It won't if they're robo calls Robert. They auto dial.


----------



## Irwin (Dec 24, 2020)

I have two ringtones -- one for people and places I know, and another for all the rest, which I don't answer. It's just kind of a bubbly sound, so it's not too audible. I could always switch it with a silent tone if spam calls get too bad. If it's a legit call, they can just leave a message.


----------



## jujube (Dec 24, 2020)

I get "your auto warranty has expired" calls every couple of days.  It's a different number every time, so blocking it doesn't do any good.


----------



## Happy Joe (Jan 17, 2021)

I got tired of scam and robocalls so I keep the land line unplugged during weekdays unless I need a connection for secure (two factor) logins.
If I get a cell call from the aforementioned hairballs; I block the number forever after... once you answer a scam/robocall your name and number goes into a database and is sold to the other, international, scum of the earth; so if you do not recognize a number do not answer it; if this bothers you you can try looking the number up online but this is often not good for much.

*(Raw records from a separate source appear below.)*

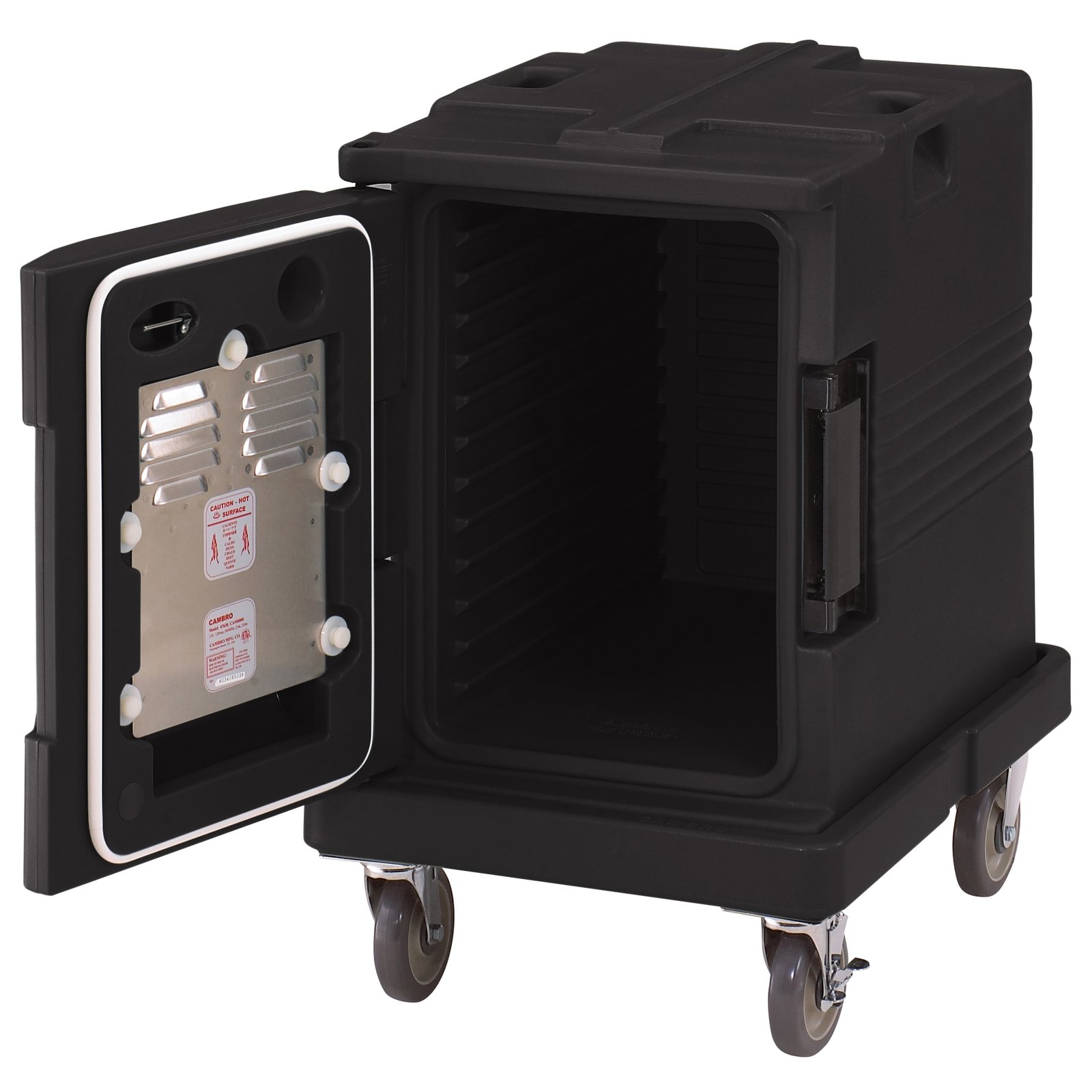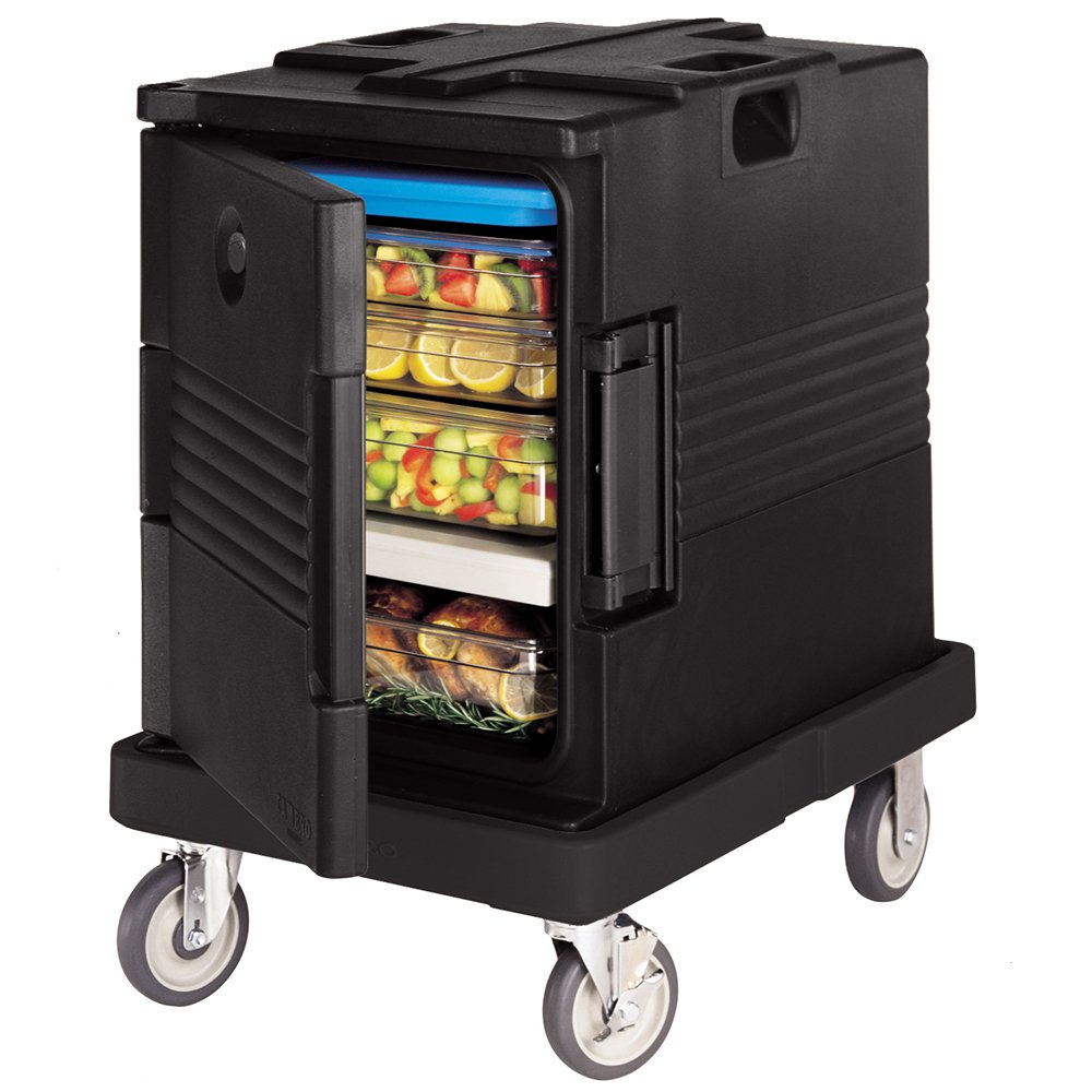 The Cambro CD400110 Camdolly® food pan carrier dolly is compatible with the UPCS400 and UPC400 food pan carriers, making it easy to store and transport loads as much as 300 pounds. It comes in black, which blends into different settings. Since it is made of heavy-duty plastic, this Cambro CD400110 Camdolly food pan carrier dolly is resistant to corrosion, cracks, dents, and other minor damage. There are two 5-inch fixed casters and two 5-inch swivel casters for maneuvering over a variety of surfaces.
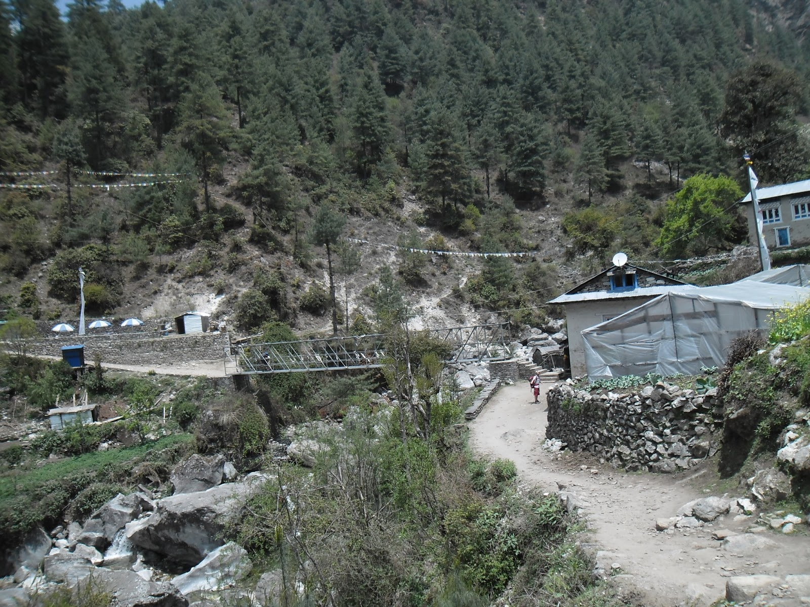Y como si fuera una joda, a bajar otra vez. A Phortse Tenga se baja. Una bajada empinada, y al pedo, porque nuevamente hay que subir, y a trepar! otra vez. Hay una bifurcación, un sendero a la izquierda sale hacia otro pueblo sobre una colina, del otro lado del río, se llama Phortse. Nosotros seguimos de este lado, y por fortuna, sin tener que cruzar otro de esos puentes.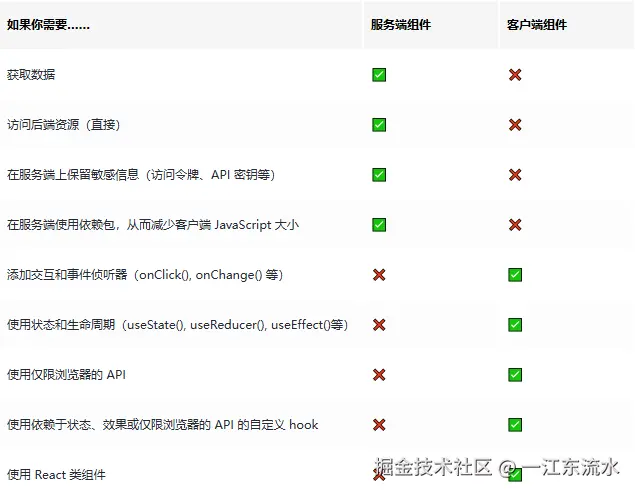 | 服务端组件(SC) | 仅在服务端(Node.js 环境)执行,渲染为 HTML 片段 / React 服务端数据结构 | 可直接访问数据库、后端接口,无浏览器 API 限制,代码不会发送到客户端 |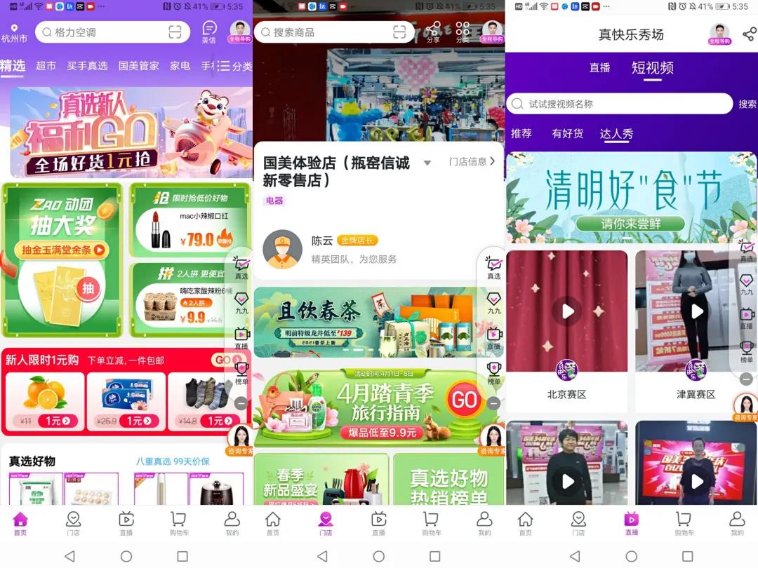 原先国美自有APP存在感不强,在猫狗拼等平台上开店是主要的线上销售渠道,而在定位确定后,供应链和物流会优先倾斜于主站。不过,从「电商在线」走访的情况来看,国美线下门店的店长目前只把真快乐APP当成一个展示商品工具。“我们成交一单,都会把客人拉到微信群里,介绍商品的时候会分享APP里面的页面,会比我直接讲解要全面。”此外,消费者在APP上拨打全程导购,可以接通真人出镜的视频导购,虽然这些连麦的真人并非是来自一线门店,而是来自总公司的工作人员。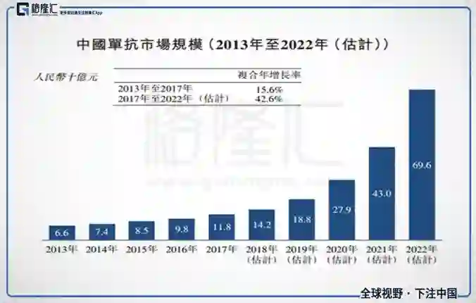 根据F&S预测,全球生物药市场将从17年的2402亿美元增长至22年的4040亿美元,CAGR为11%;而中国生物药市场将从17年的2185亿元增长至22年的4785亿元,CAGR为17%,其中单抗市场将从17年的120亿增长至22年的700亿,CAGR为43%。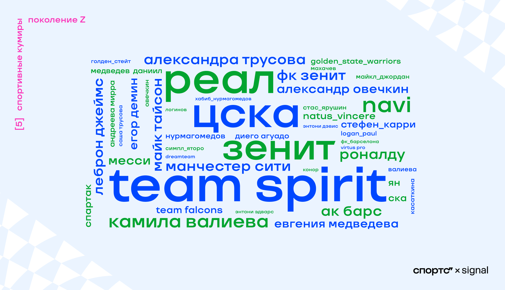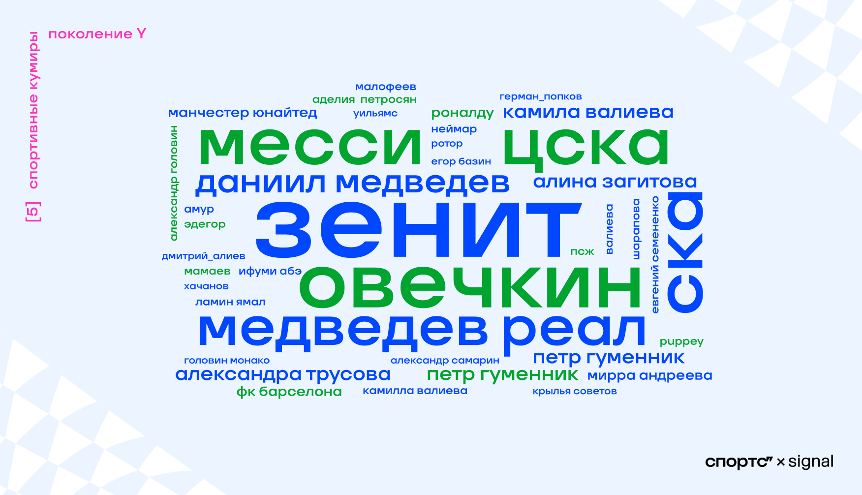 Миллениалы, в свою очередь, особенно привязаны к героям, чья карьера от взлета до пика и заката прошла на их глазах, а зумеры говорят о личных качествах и образах, которые спортсмены сформировали на страницах в соцсетях. Часто среди кумиров они выделяют не состоявшихся звезд, а молодых перспективных спортсменов, еще не известных широкой аудитории. Их вдохновляющий пример можно взять за ориентир для себя.

I have heard that there are blacklist apps othat can filter out this type of caller but since I got a smart phone with blocking capability it does not seem necessary.

Enjoy!


----------



## Jeni (Jan 17, 2021)

I often wonder why they keep doing these calls etc but they must get a payoff ... I wonder how many people answer the call or click on some random link in email  etc ...... must be enough to make it worth it....

every invention to block these things.... there seems to be a work around... I get weird texts that are not even the full amount of # for a phone number....... but they all seem to come from area code 410........ often in middle of night.   
i have blocked so many i lost count.


----------